All throughout these letters are references of the courageous determination of individual people and their spontaneous resistance to episodes of bullying or bigotry, or a challenging "pedagogical stupidity", somehow being effective enough to dishearten those whose courage was mob-derived.
Hitchens providing his own observations and literary examples of the fact, that noble or moral reactions be shown as being innate - stressing that these reactions will continue to occur and without them being dependent for their occurrence upon the transmission of "morality tales". Indeed there can be shown where moral reactions take place spontaneously.
The narration always includes many examples of different times and places where the role of the dissident or one who speaks out in the cause of morality, is not confined to the saintly or celebrity and is usually more genuine. These examples seem to be a valid argument against the claim that religious belief is necessary condition for moral actions - soon afterwards, Hitchens uses many examples to demonstrate how the argument of morality being dependent upon a mythic or religious transmission is a misapprehension of what really takes place.
This comes to the letter that dissents from institutions, particularly religious institutions that actually ask that people to "check your intellect at the door" and listen to the "wise person" or "books of wisdom", further aspiring mental annihilation. This subtle imposed ignorance keeps the masses in a haze, but sufficiently free to do the bidding of its leaders, however harmful they may be. This quieting of the faculties of reason easily endangers people, making them more susceptible to being deluded by the current religious conformism, centrism or large consensus. One ever common example of the mental dangers of Non-judgement, are people becoming morally apathetic or being "non-critical" on positions which has often led to moral transgressions of those who decide to remain neutral in times of crisis - such as the Catholic German Priest's being concilliary or somewhat accommodating to Hitler and his political purposes.
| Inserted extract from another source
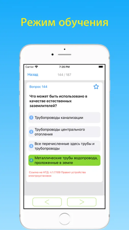 • Подготовка - Позволяет изучить вопросы в текстовом формате с отмеченными правильными ответами;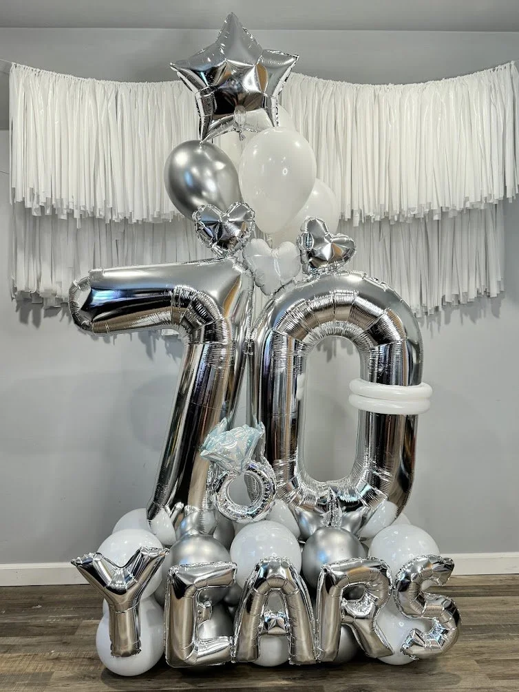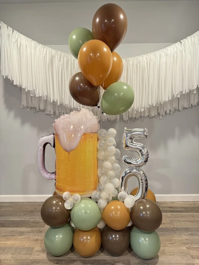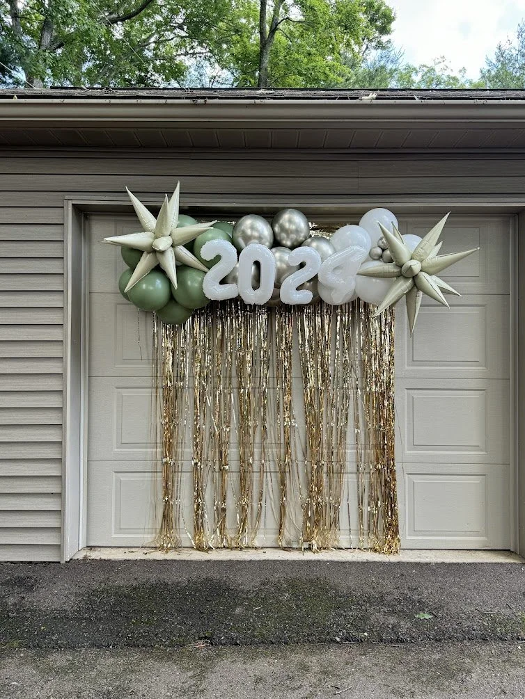 4 Foot garland, both 11” and 5” balloons. up to 2 -14” foil balloons & shimmer garland

It is in this context where Hitchens of his own term he likens, "anti-theism" as part of a ongoing criticism of Religion and its harmful applications. One notable criticism regarding Religion and its harmful applications, is of how the Christian claim of "vicarious redemption" is in fact, repulsive - with any sort of actual application rendered absurd ;
For example Hitchens writes, "I would not throw my numberless sins onto a scapegoat and expect them to pass from me" It follows that you should not assume anothers actual crimes as if they were your own;
For one thing you really didn't commit them and might have died than instead of committing them - this impossible action of vicarious redemption robs people of individual responsibility.
In short, this claim is not intellectually honest and is therefore adverse to grounded reasoning.
This is certainly a thought provoking book that is enjoyable to read and useful to employ. Regardless of what one thinks of the arguments and positions put forth in these letters, Hitchens always puts forth sound rationale for why he thinks the way he does - ever provoking the rational salience of a fellow contrarian.
Hitch truly was one of the most brilliant minds of our time, and I wish he could have been with us longer.
Hitchens acknowledges the struggle ahead for a contrarian thinker and bids us to "imagine a state of bliss and perpetual happiness and harmony, and you have summoned a vision of tedium and pointlessness and predictability". He trawls the work of others and collects arguments which form a manual for being a better thinker who will, in turn, contribute to a better society. `Letters' eponymously addresses the need for young adults to find a purpose, and Hitchens endorses all "to travel as much as you can, and to evolve yourself as an internationalist". Hitchens dismisses baser traits deftly, noting for example that "my parents were too intelligent to be encumbered by prejudice". Unlike many of his critics, Hitchens has shown the difference between thinking and moralising.